#### EXERCISE REQUIREMENTS
Every line below between the one holding "Người dân sống" and the one holding "No 10. jūnija", inclusive, should be copied exactly, and no other line.

#### MATERIAL FOR THE TASK

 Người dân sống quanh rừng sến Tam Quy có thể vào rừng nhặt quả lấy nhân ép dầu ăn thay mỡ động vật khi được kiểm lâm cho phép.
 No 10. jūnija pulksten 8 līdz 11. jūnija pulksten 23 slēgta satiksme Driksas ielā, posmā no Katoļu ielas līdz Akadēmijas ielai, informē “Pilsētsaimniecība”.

---

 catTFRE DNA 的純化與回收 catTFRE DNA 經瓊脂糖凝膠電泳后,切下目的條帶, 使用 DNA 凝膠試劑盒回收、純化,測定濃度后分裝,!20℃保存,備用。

---

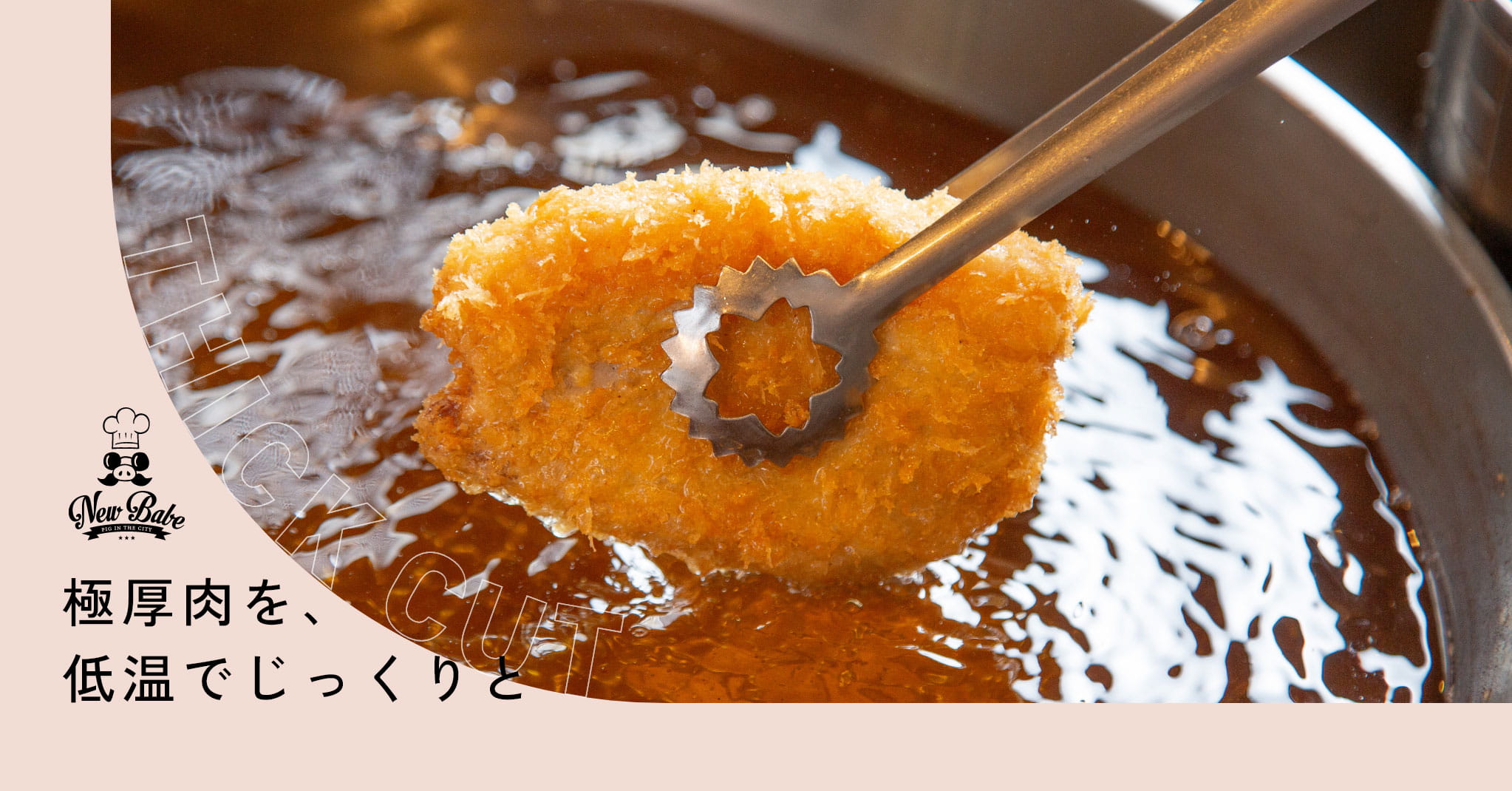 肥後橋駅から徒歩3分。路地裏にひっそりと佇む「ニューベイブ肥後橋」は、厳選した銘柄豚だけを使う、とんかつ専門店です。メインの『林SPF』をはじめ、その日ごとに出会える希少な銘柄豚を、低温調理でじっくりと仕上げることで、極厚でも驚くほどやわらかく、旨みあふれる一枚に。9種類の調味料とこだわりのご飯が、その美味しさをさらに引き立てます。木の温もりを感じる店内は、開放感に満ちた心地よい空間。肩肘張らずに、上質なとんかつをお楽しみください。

#### TASK OUTPUT
 Người dân sống quanh rừng sến Tam Quy có thể vào rừng nhặt quả lấy nhân ép dầu ăn thay mỡ động vật khi được kiểm lâm cho phép.
 No 10. jūnija pulksten 8 līdz 11. jūnija pulksten 23 slēgta satiksme Driksas ielā, posmā no Katoļu ielas līdz Akadēmijas ielai, informē “Pilsētsaimniecība”.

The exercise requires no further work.